Quand la relation client se tend
Publié le 23 mars 2009 par Nicolas DUGAY
Tags : Efficacité commerciale | Management commercial | Relation client
Qui n’a jamais entendu un client se plaindre d’avoir été mieux considéré et mieux servi en tant que prospect qu’en tant que client. Dans cette période de tension particulière, les clients sont certainement encore plus susceptibles et « réactifs » lorsque la qualité de la relation commerciale n’est pas au rendez-vous. Il en faut peu pour provoquer un « changement de crêmerie »…
Alors que depuis de nombreuses années, les entreprises ont préféré développer leur relation client dans une logique d’optimisation des coûts, beaucoup cherchent aujourd’hui à réhabiliter leur relation client comme argument marketing, voire comme nouvel instrument de vente en rebond commercial.
En effet, il n’est pas question aujourd’hui d’accepter que de mauvaises relations commerciales amplifient le taux de churn qui, contrairement aux autres années, ne sera pas aussi facile à compenser par la croissance.
Ce n’est pas la tension dans la relation client qui est grave…mais son mauvais traitement.
Une tension dans une relation commerciale est normale ; comme dans un couple, quand il n’y a aucune tension, c’est une amourette…et non pas une histoire d’amour.
La tension en tant que telle n’est pas réellement gênante, bien au contraire, c’est plutôt la façon dont on va traiter la tension qui est réellement importante !
- Pour un problème résolu sur le champ, 95% des clients restent fidèles !
- A l’inverse, la principale source de churn est une conséquence d’un entretien avec le service client ! (à 62 % on quitte un fournisseur sur une question de « relationnel » selon une étude de Kollen Partner parue en 2007.)
La critique est facile mais l’art reste difficile…
Bien sûr il est naturel de critiquer le manque de diplomatie de tel ou tel service client qui nous a particulièrement déçus. Néanmoins, il faut bien reconnaître que les personnes en charge de cette lourde tâche n’ont pas le métier le plus facile.
Sans rentrer dans le détail, il suffit juste de considérer la seule logique mathématique de l’activité de bon nombre de conseillers:
- Le conseiller service client reçoit entre 50 et 150 appels par jours !
- Le client a un seul problème lié à son produit dans la journée !
Il y a clairement un écart radical de perception, entre un conseiller habitué à écouter les problèmes, souvent redondants, des clients, et à l’inverse un client se focalisant, et c’est bien normal, sur son seul problème !
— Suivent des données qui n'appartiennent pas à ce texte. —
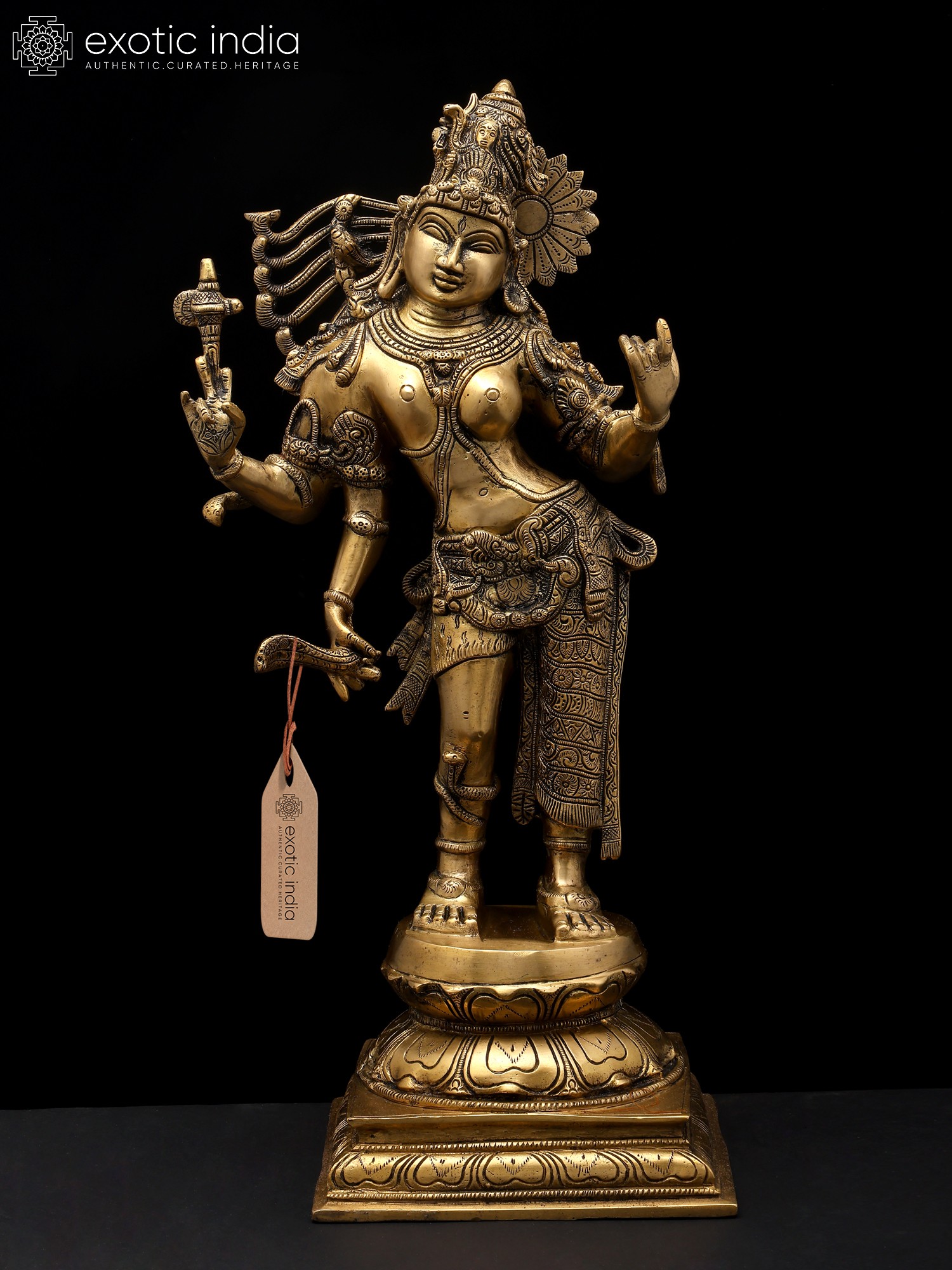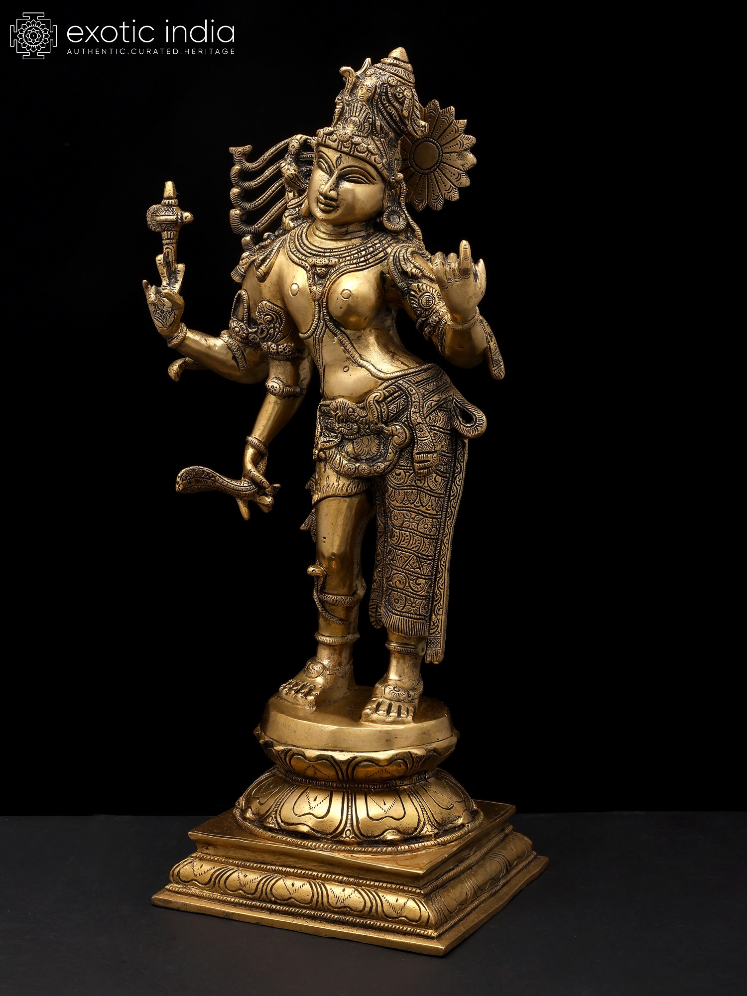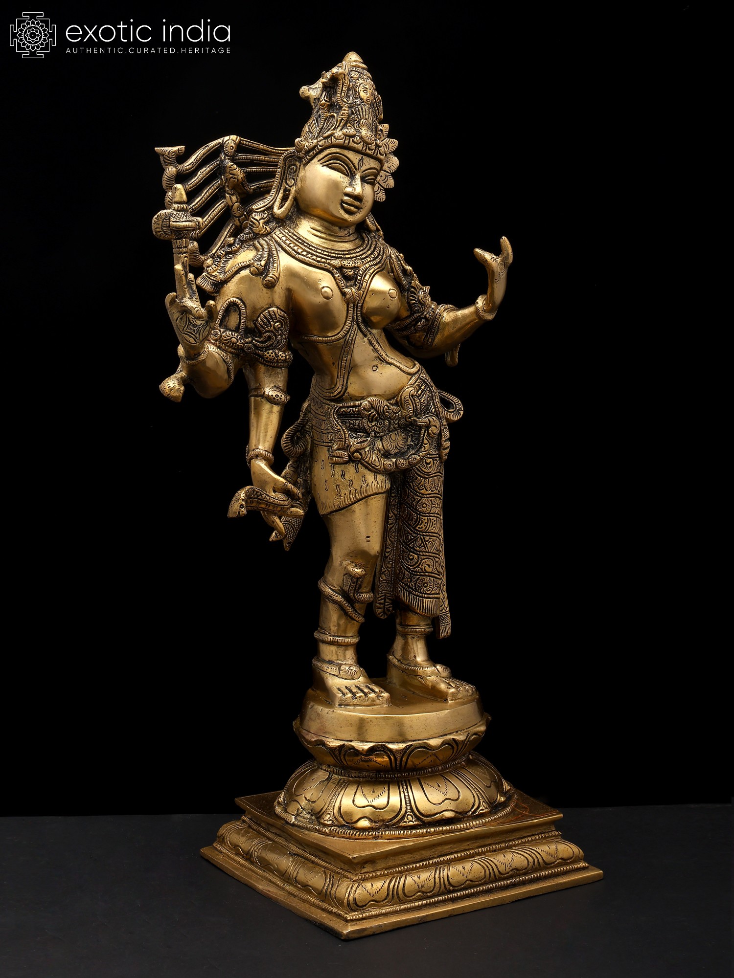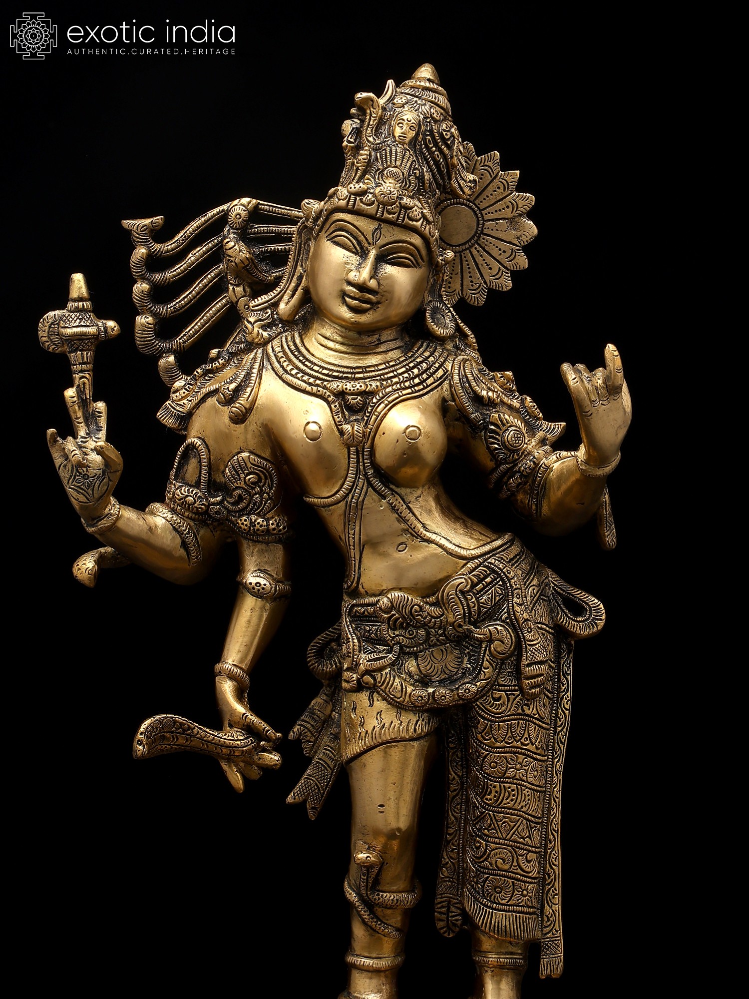 In iconographic perception, sculptural quality, craftsmanship, minute details, finish and aesthetic visualization this brass-statue is simply superb. Though a recent work of art, it excels medieval sculptures of Ardha-narishvara in many things : facial features, anatomy of the two aspects, portrayal of male and female elements and those related to Shiva and those related to Parvati and thematic insight and thrust.

Alors, que conseillons-nous quand nous accompagnons des équipes de téléconseillers au service de la relation client ?
Communiquer la vision des enjeux stratégiques de la direction de l’entreprise
Fondamental car tous les rapports d’activité prônent le service client…et pour autant, les moyens liés à la relation client sont généralement perçus comme un centre de coût ! Que veut-on vraiment ?
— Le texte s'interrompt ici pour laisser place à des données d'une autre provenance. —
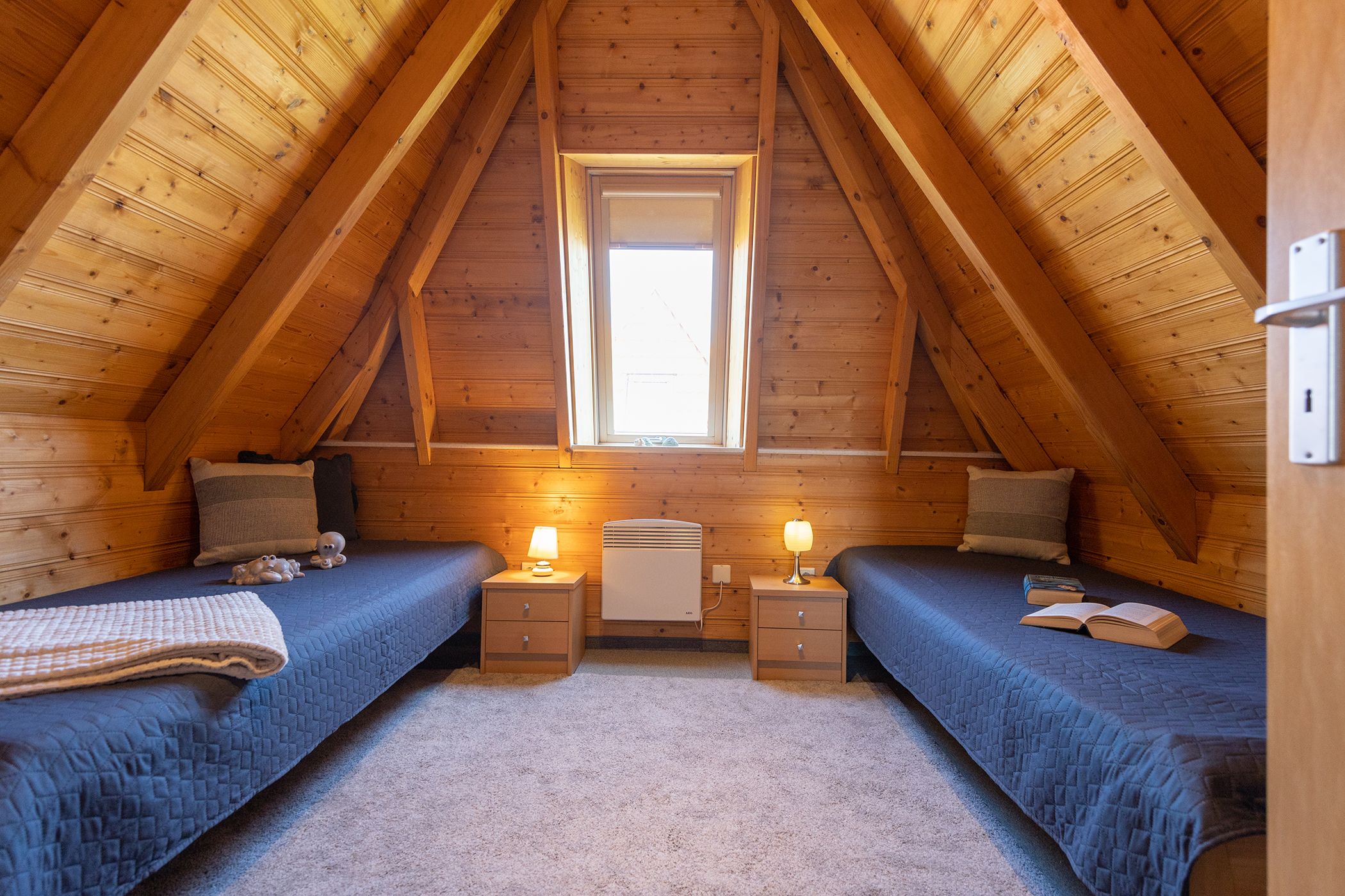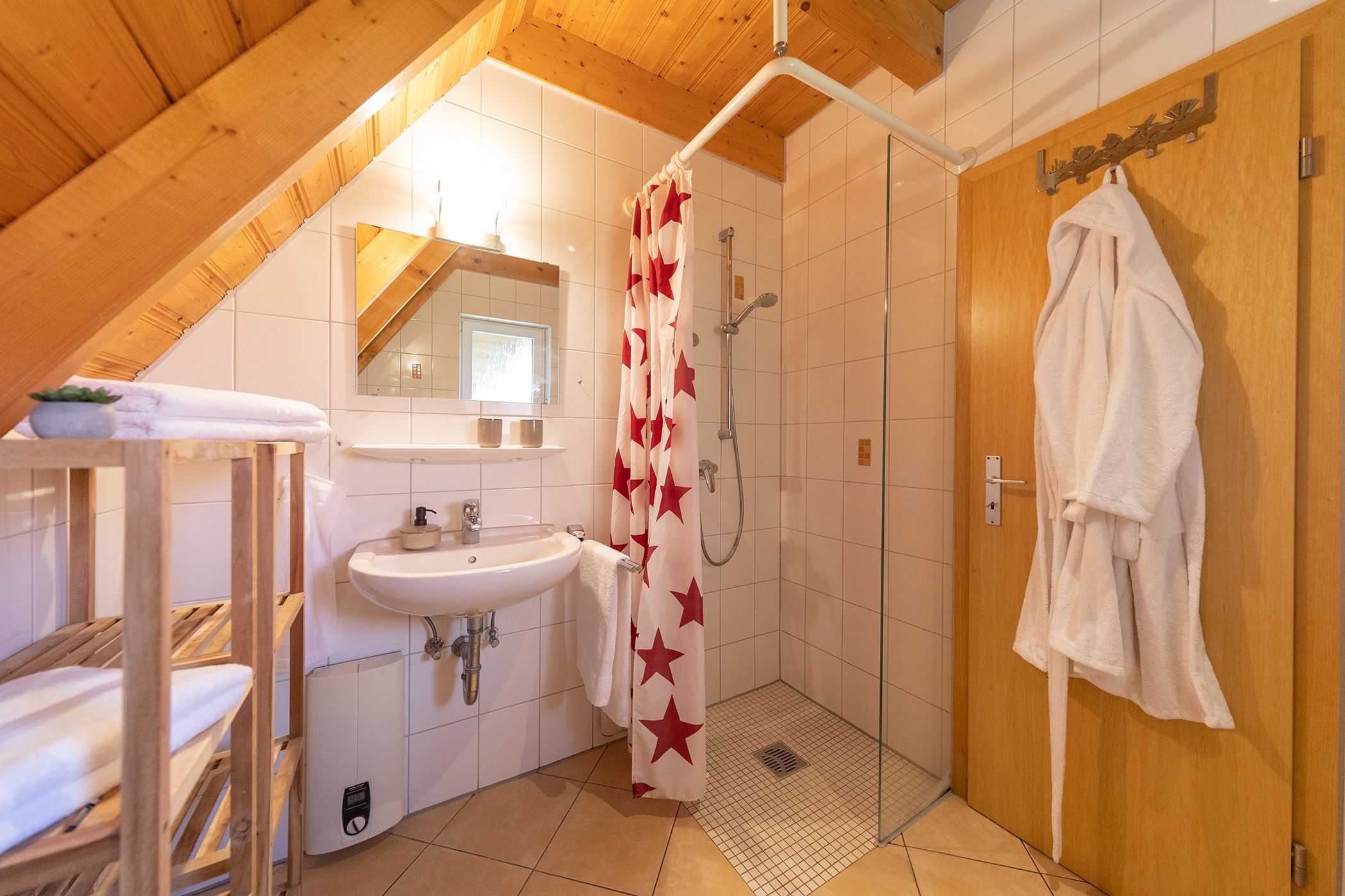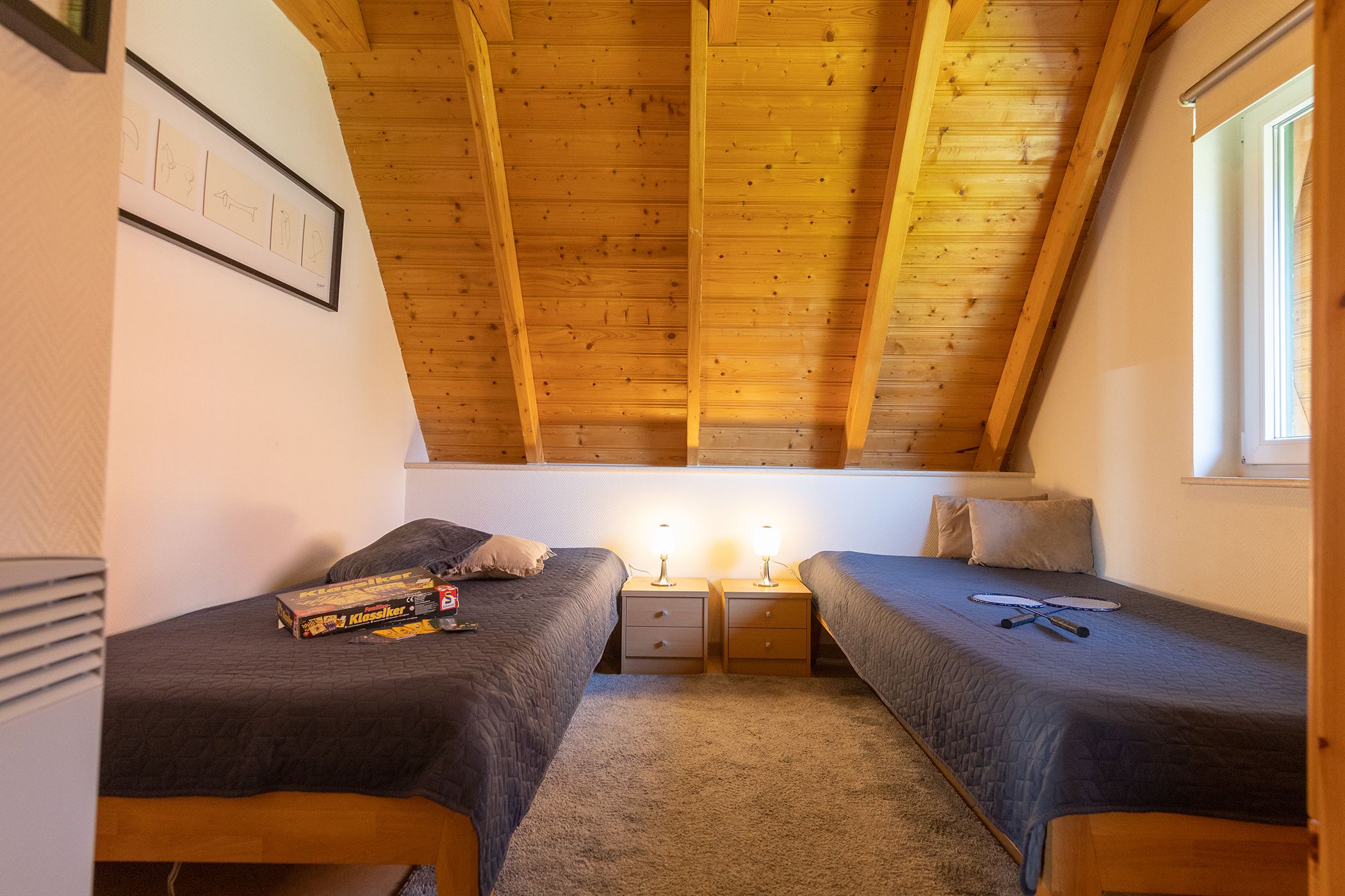 Einzelbetten samt Duschbad inklusive Waschmaschine. Im Obergeschoss sind das

Si la relation client est importante il s’agit alors de le faire savoir, en commençant par les membres du comité de direction. A eux ensuite de montrer de l’intérêt pour le sujet et de le communiquer en toutes occasions. (Newton avait raison : Ce qui vient du haut, tombe plus vite…)
Qualifier et Quantifier :
La relation client peut et doit se mesurer ! Des objectifs liés peuvent et doivent être mis en place. Quand on pilote de près un indicateur, en général il augmente… Le problème est souvent celui du choix des indicateurs à piloter et de leur nombre.
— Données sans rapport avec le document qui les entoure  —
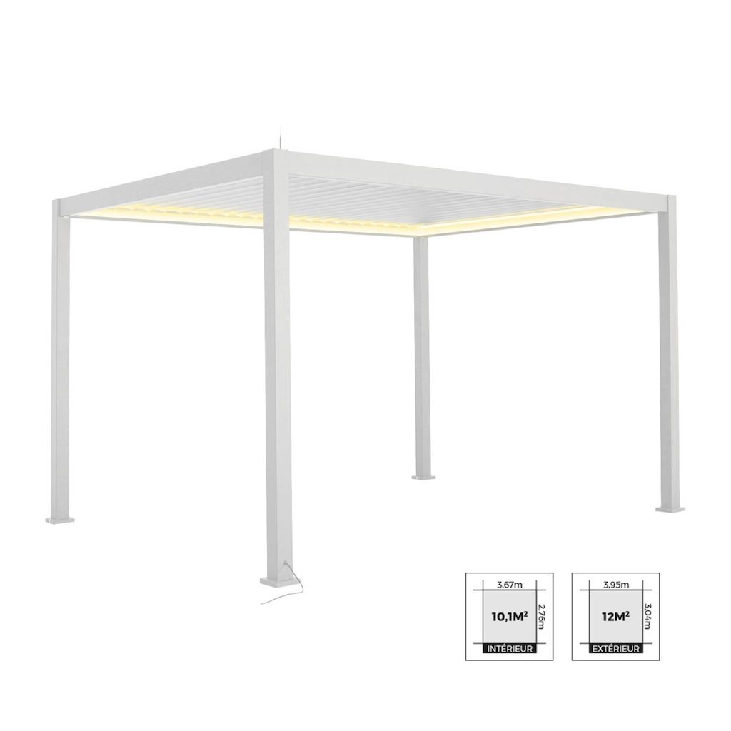 Pergola bioclimatique aluminium motorisée 4x3m avec éclairage LED Triomphe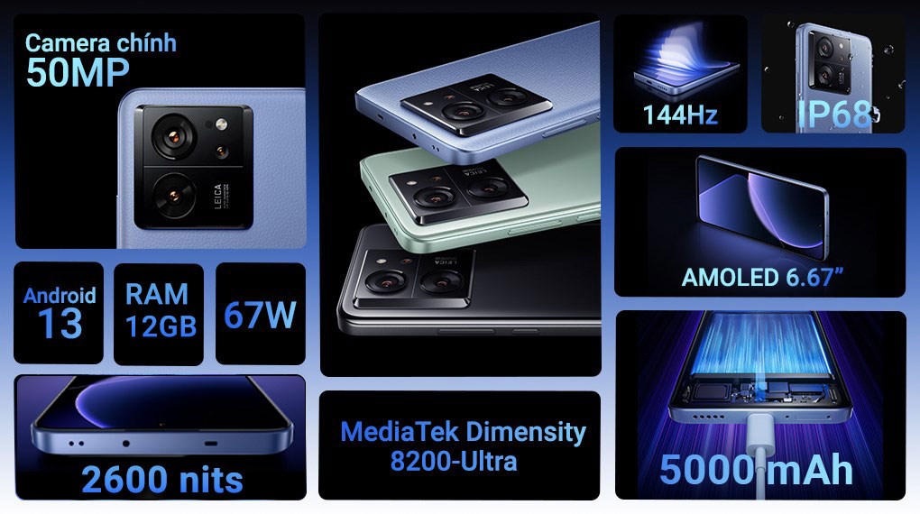 Xiaomi 13T vẫn đang là cái tên hot tại thị trường Việt Nam nhờ cấu hình mạnh mẽ và mức giá phải chăng. Điện thoại có chip Dimensity 8200-Ultra mạnh mẽ, màn hình đẹp và còn hợp tác với Leica để tối ưu hóa camera.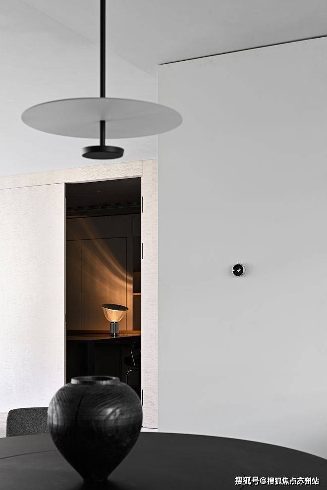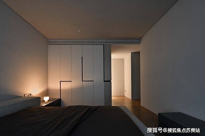从客厅行至卧室,光线也由明转暗,携手人们渐入佳境。温暖柔和的光线呈点状晕散,柔顺迂回的线条在暗影中浮现,朦胧暧昧的氛围大面积散开,为夜色中的好时光作陪衬。

Un bon service de relation clients se doit d’investir dans 3 indicateurs différents globaux maximum à un instant « t ».
Raisonner « Quartiles »
Le quartile ? Un terme qualifiant chacune des quatre parties égales d’un ensemble statistique organisé selon un ordre croissant.
Qu’ils soient 4 (forcément au minimum) ou 2000, faites l’effort de “quartiler” pour mettre en face des plus grosses tensions clients les conseillers les plus performants…Et non pas l’inverse.
Former aussi (surtout?) les managers n+1
Bien sûr, le sujet de la formation des conseillers est important. Il s’agit d’éviter les traditionnelles formations ou on apprend à dire Bonjour ou à sourire , et au contraire proposer des formations vraiment adaptées au niveau des enjeux (et à la considération qu’on a vis-à-vis de ce type de collaborateurs)!
Mais le sujet de la formation des managers est au moins aussi important. Il s’agit bien souvent de lui redonner une énergie positive et communicative hors de son cokptit multi indicateurs…
Pour conclure sur ce sujet rappelons ce qu’attendent les consommateurs des services clients (source Accenture 2007)

Est-ce vraiment différent quand la relation se tend ?
Je n’en suis pas sûr. Encore une fois, il ne s’agit pas simplement de savoir ce qu’il faut faire…Il s’agit de le faire.
Allez, bon business à tous !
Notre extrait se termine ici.